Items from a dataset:
--

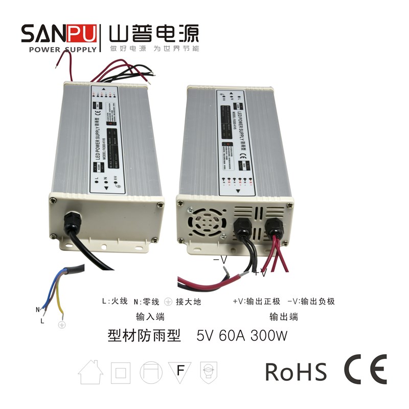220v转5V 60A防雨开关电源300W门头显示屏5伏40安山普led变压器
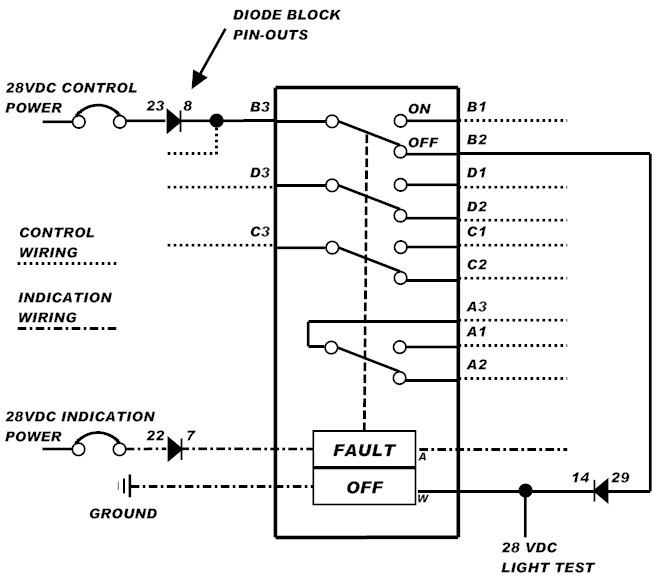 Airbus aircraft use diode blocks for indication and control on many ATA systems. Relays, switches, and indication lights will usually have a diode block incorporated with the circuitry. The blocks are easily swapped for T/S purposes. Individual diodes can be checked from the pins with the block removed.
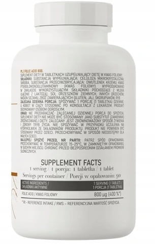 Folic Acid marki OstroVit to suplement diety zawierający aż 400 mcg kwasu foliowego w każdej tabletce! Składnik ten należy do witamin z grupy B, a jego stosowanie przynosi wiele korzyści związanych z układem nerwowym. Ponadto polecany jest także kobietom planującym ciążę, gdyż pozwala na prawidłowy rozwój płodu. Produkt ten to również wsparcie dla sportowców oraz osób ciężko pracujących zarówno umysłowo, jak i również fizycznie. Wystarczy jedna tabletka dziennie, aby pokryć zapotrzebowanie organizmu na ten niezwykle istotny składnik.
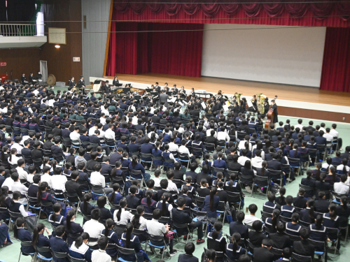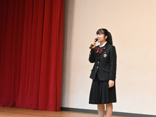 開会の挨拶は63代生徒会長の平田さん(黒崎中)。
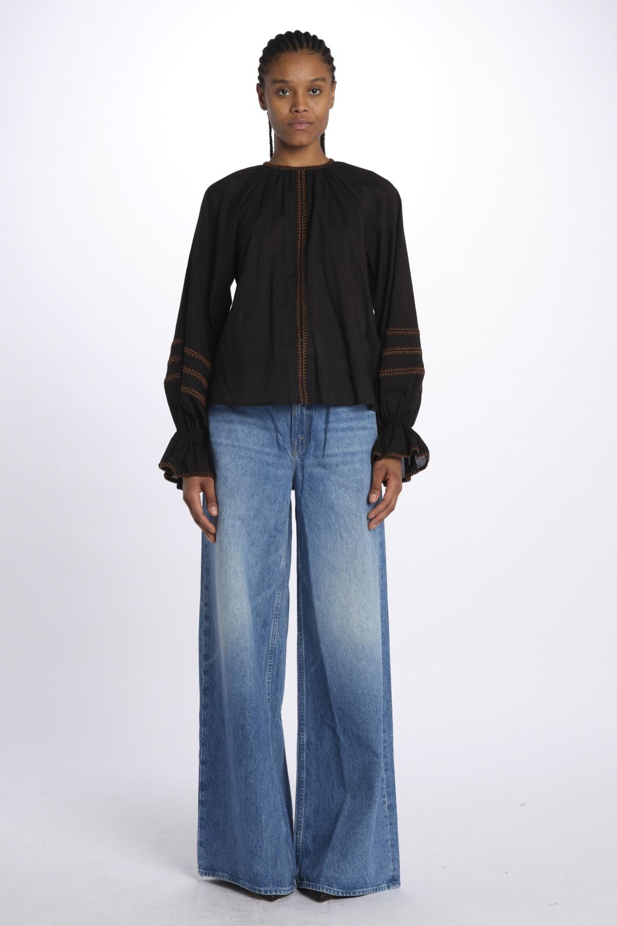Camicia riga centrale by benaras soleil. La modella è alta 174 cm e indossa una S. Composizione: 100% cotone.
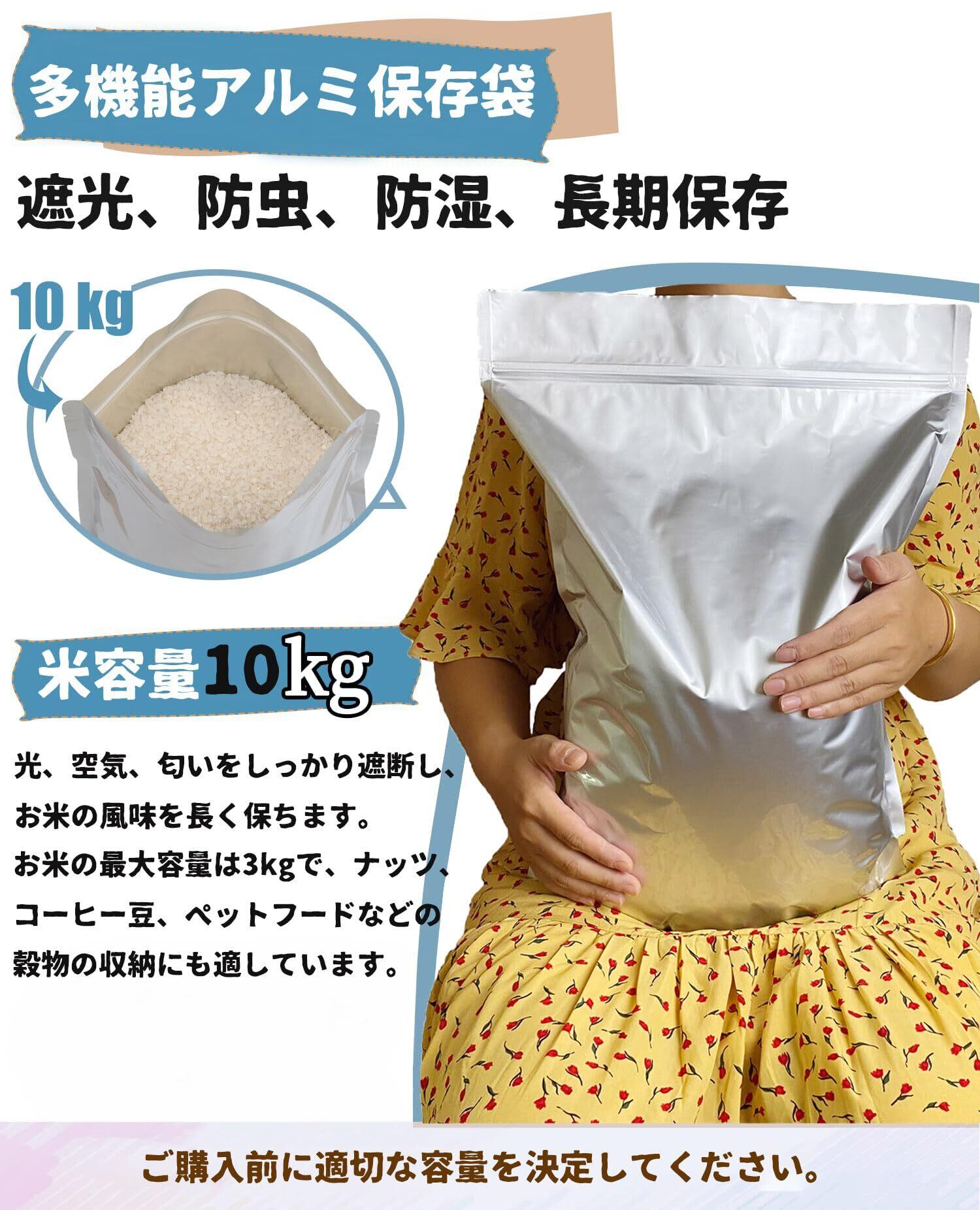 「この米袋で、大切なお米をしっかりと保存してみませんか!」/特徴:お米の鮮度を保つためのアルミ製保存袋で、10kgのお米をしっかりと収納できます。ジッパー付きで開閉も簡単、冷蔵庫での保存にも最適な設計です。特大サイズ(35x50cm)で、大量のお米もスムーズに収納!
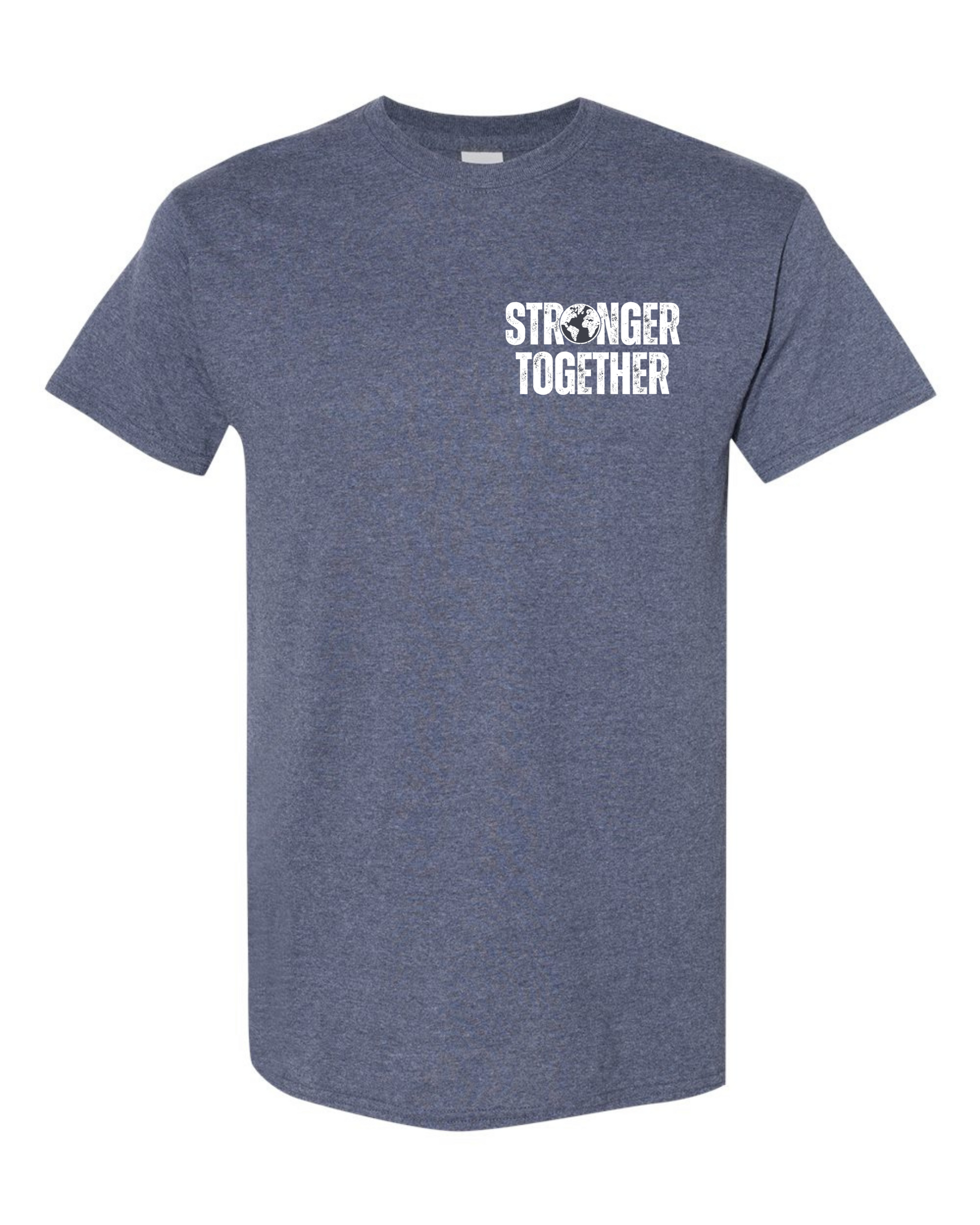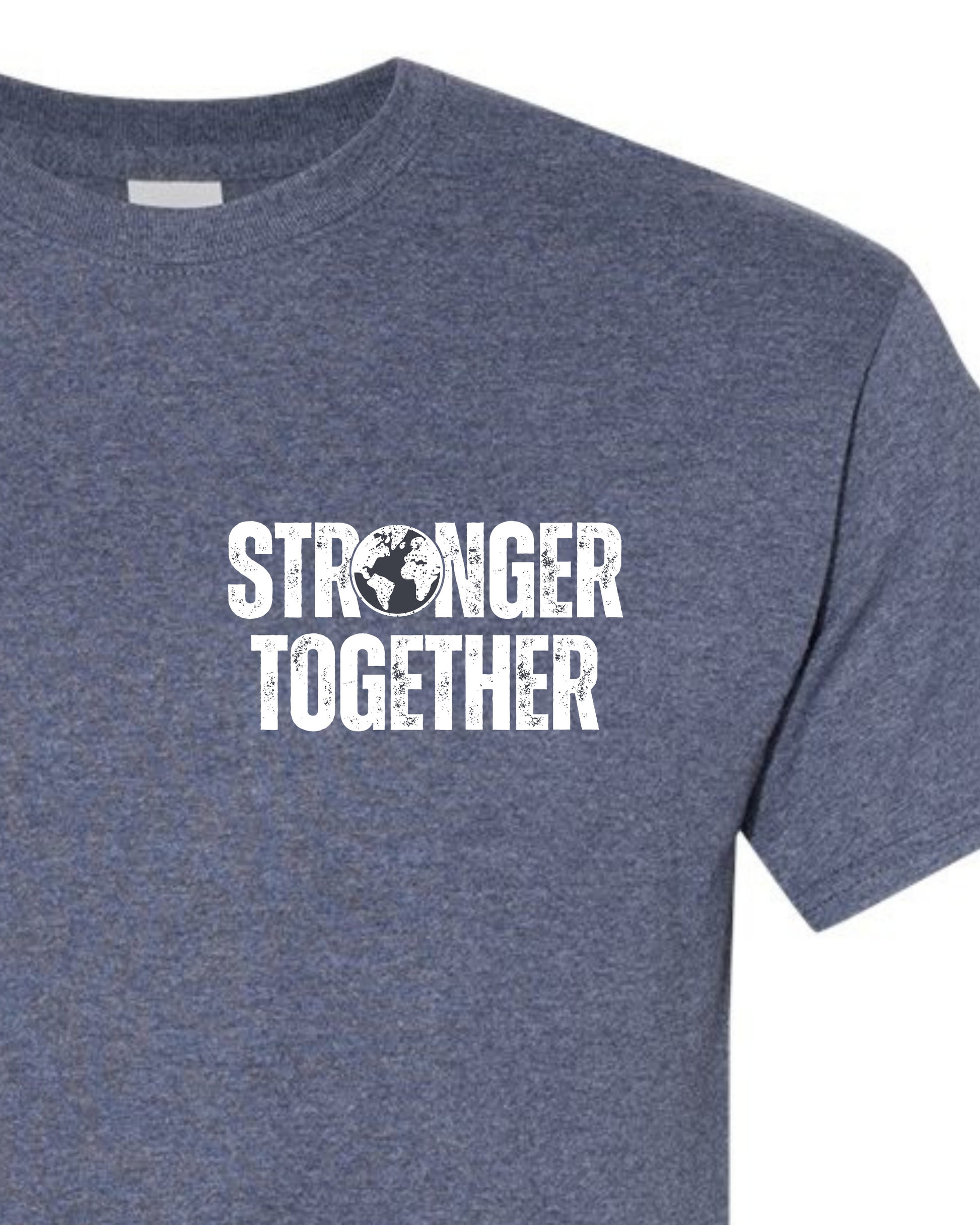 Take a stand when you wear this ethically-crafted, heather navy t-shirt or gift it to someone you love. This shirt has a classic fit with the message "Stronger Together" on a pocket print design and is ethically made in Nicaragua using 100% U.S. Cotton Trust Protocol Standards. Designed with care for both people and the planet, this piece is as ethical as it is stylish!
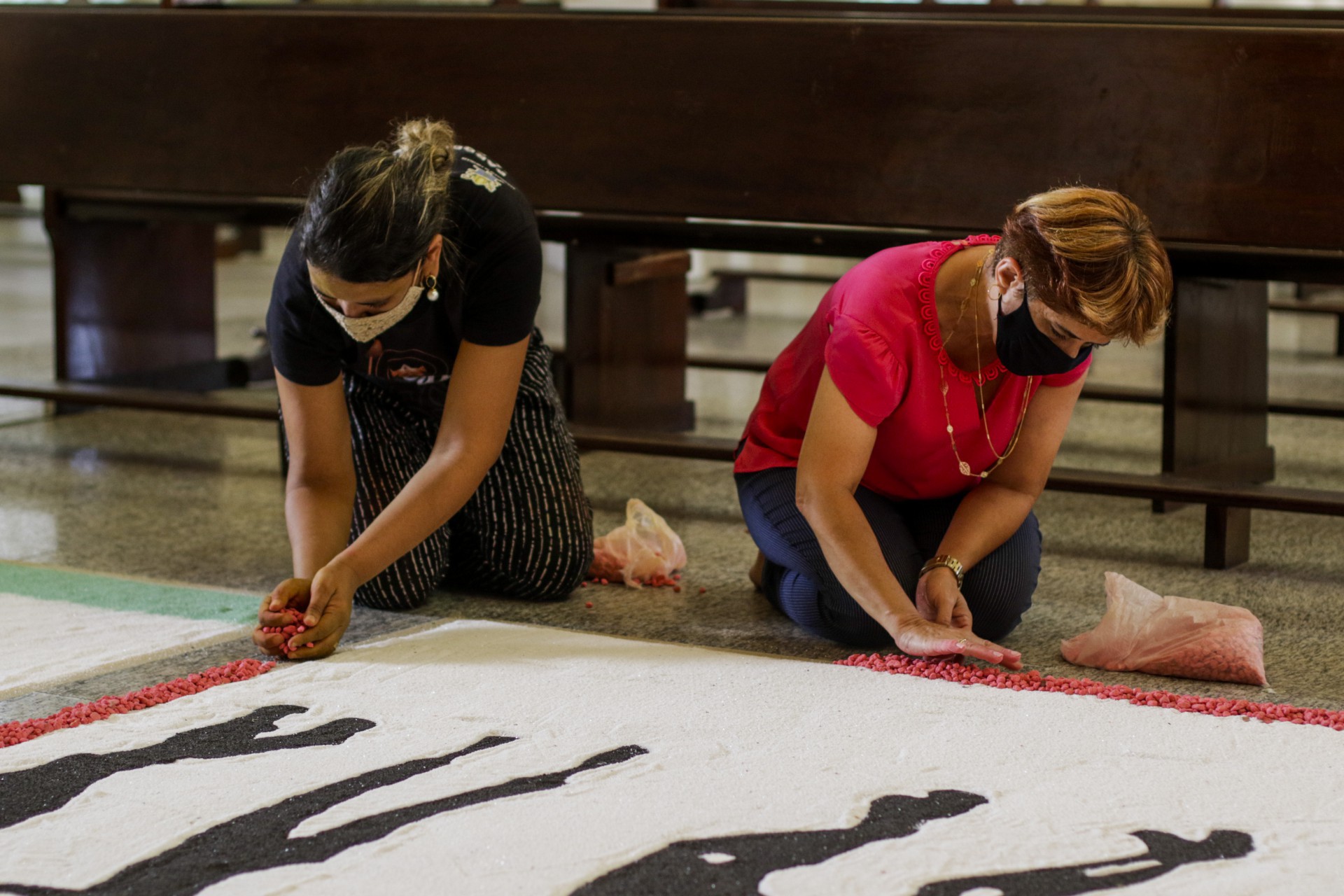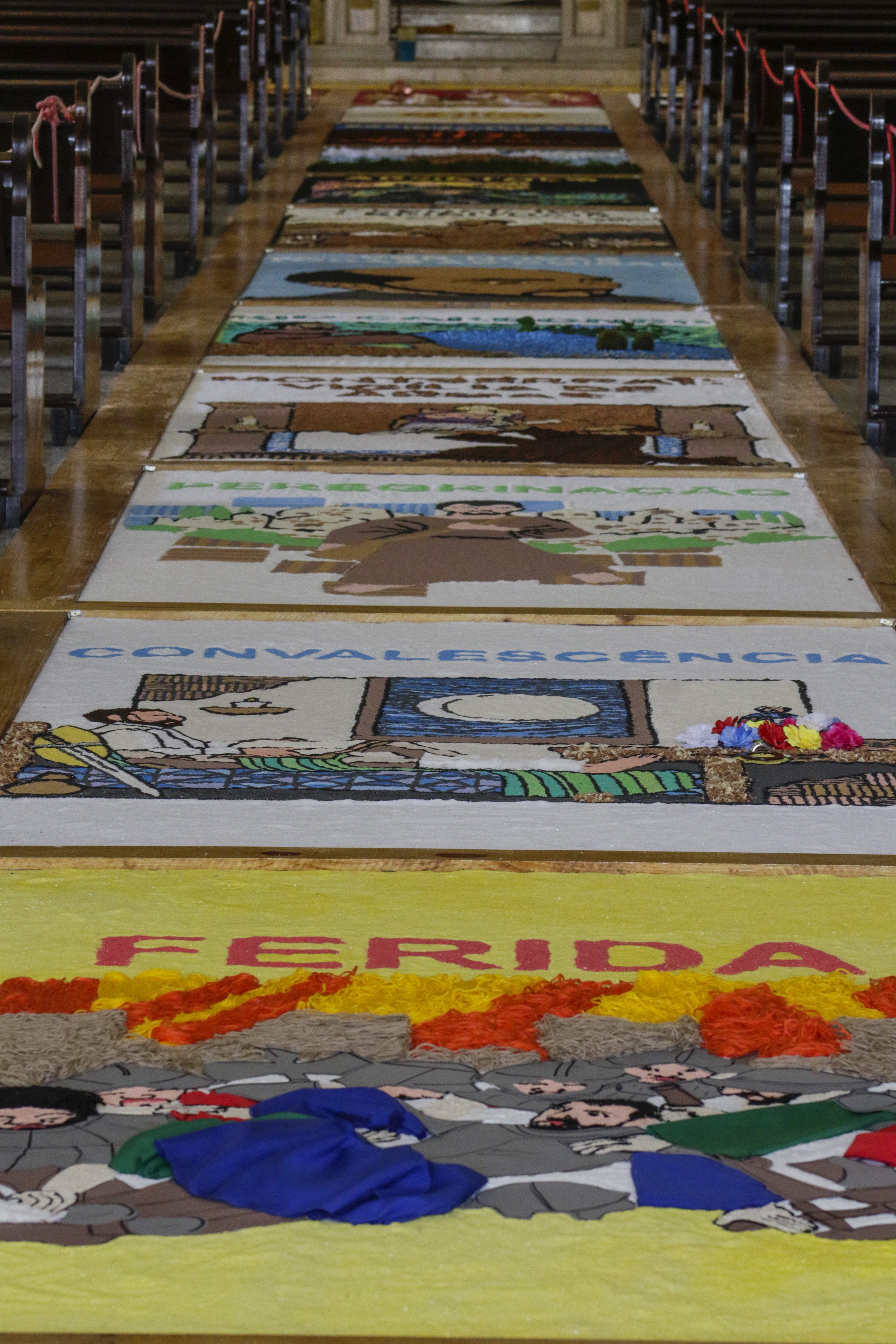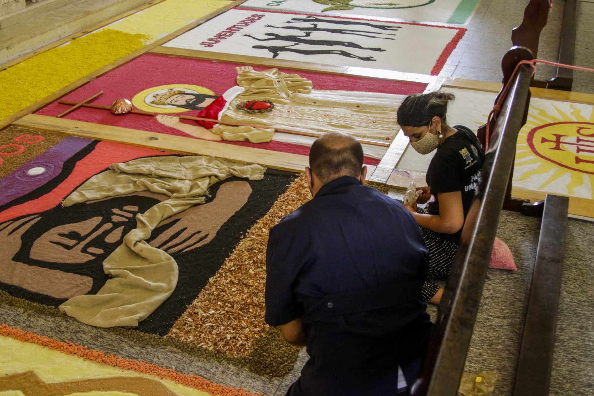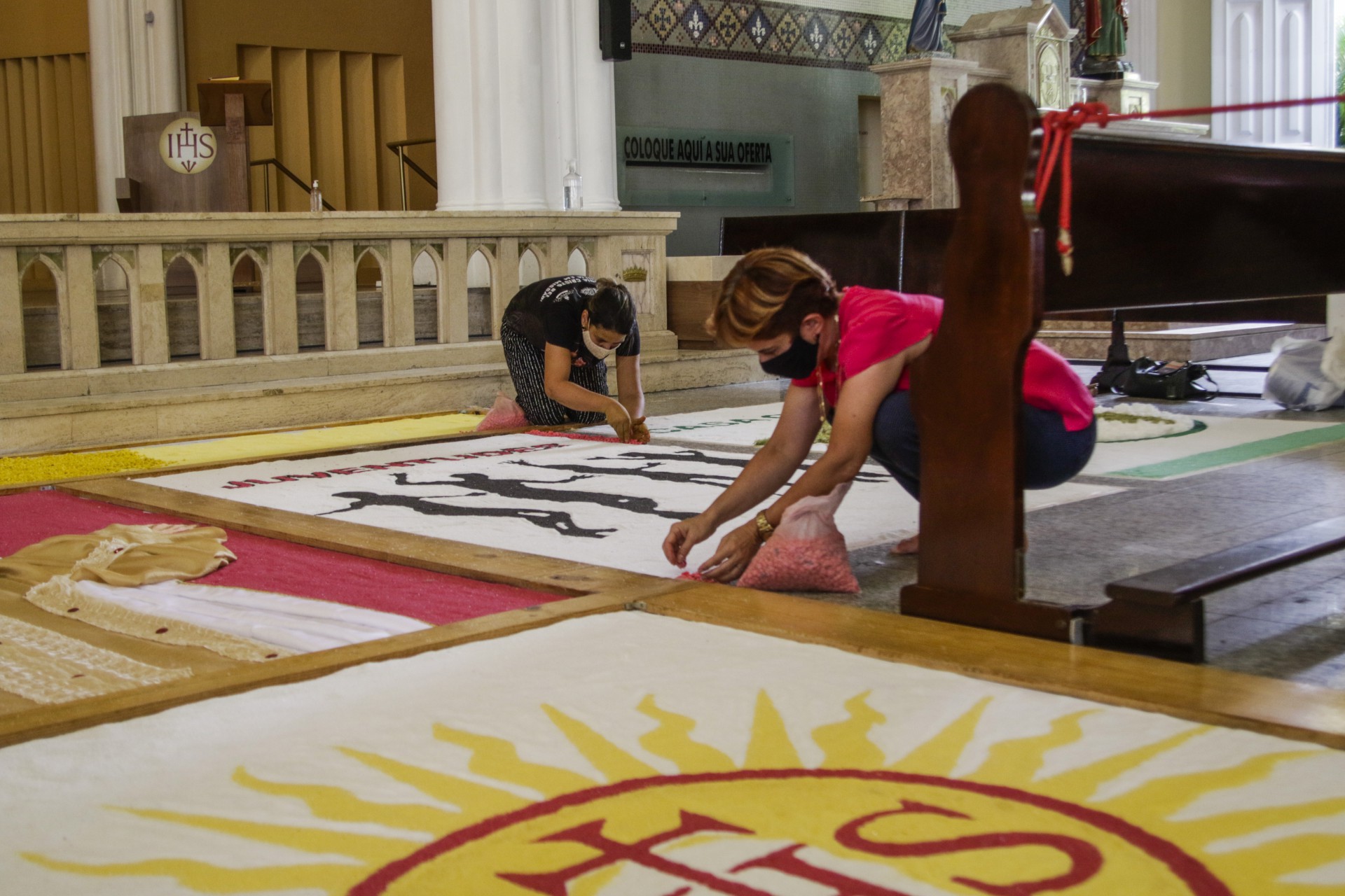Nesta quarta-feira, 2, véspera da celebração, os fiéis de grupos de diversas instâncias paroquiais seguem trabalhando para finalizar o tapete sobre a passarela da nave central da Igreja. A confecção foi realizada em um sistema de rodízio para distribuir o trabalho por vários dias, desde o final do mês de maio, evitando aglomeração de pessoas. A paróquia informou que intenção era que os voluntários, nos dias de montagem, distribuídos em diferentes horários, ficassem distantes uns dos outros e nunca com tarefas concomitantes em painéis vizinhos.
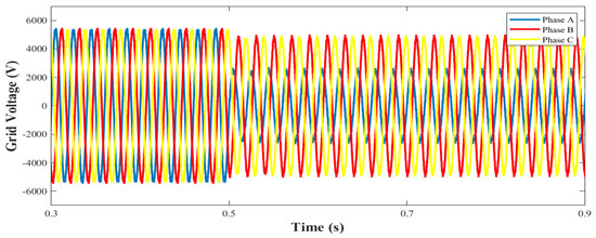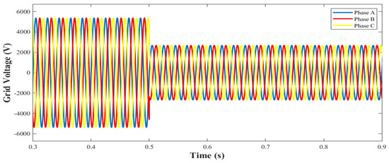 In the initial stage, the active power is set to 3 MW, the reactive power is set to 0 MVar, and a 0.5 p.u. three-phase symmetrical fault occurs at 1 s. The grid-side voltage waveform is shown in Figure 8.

--

- _AIM OF THE EXERCISE_:
None of the images should be copied, but every entry must be given again exactly.

- _SOLUTION BELOW_:
220v转5V 60A防雨开关电源300W门头显示屏5伏40安山普led变压器
 Airbus aircraft use diode blocks for indication and control on many ATA systems. Relays, switches, and indication lights will usually have a diode block incorporated with the circuitry. The blocks are easily swapped for T/S purposes. Individual diodes can be checked from the pins with the block removed.
 Folic Acid marki OstroVit to suplement diety zawierający aż 400 mcg kwasu foliowego w każdej tabletce! Składnik ten należy do witamin z grupy B, a jego stosowanie przynosi wiele korzyści związanych z układem nerwowym. Ponadto polecany jest także kobietom planującym ciążę, gdyż pozwala na prawidłowy rozwój płodu. Produkt ten to również wsparcie dla sportowców oraz osób ciężko pracujących zarówno umysłowo, jak i również fizycznie. Wystarczy jedna tabletka dziennie, aby pokryć zapotrzebowanie organizmu na ten niezwykle istotny składnik.
 開会の挨拶は63代生徒会長の平田さん(黒崎中)。
Camicia riga centrale by benaras soleil. La modella è alta 174 cm e indossa una S. Composizione: 100% cotone.
 「この米袋で、大切なお米をしっかりと保存してみませんか!」/特徴:お米の鮮度を保つためのアルミ製保存袋で、10kgのお米をしっかりと収納できます。ジッパー付きで開閉も簡単、冷蔵庫での保存にも最適な設計です。特大サイズ(35x50cm)で、大量のお米もスムーズに収納!
 Take a stand when you wear this ethically-crafted, heather navy t-shirt or gift it to someone you love. This shirt has a classic fit with the message "Stronger Together" on a pocket print design and is ethically made in Nicaragua using 100% U.S. Cotton Trust Protocol Standards. Designed with care for both people and the planet, this piece is as ethical as it is stylish!
Nesta quarta-feira, 2, véspera da celebração, os fiéis de grupos de diversas instâncias paroquiais seguem trabalhando para finalizar o tapete sobre a passarela da nave central da Igreja. A confecção foi realizada em um sistema de rodízio para distribuir o trabalho por vários dias, desde o final do mês de maio, evitando aglomeração de pessoas. A paróquia informou que intenção era que os voluntários, nos dias de montagem, distribuídos em diferentes horários, ficassem distantes uns dos outros e nunca com tarefas concomitantes em painéis vizinhos.
 In the initial stage, the active power is set to 3 MW, the reactive power is set to 0 MVar, and a 0.5 p.u. three-phase symmetrical fault occurs at 1 s. The grid-side voltage waveform is shown in Figure 8.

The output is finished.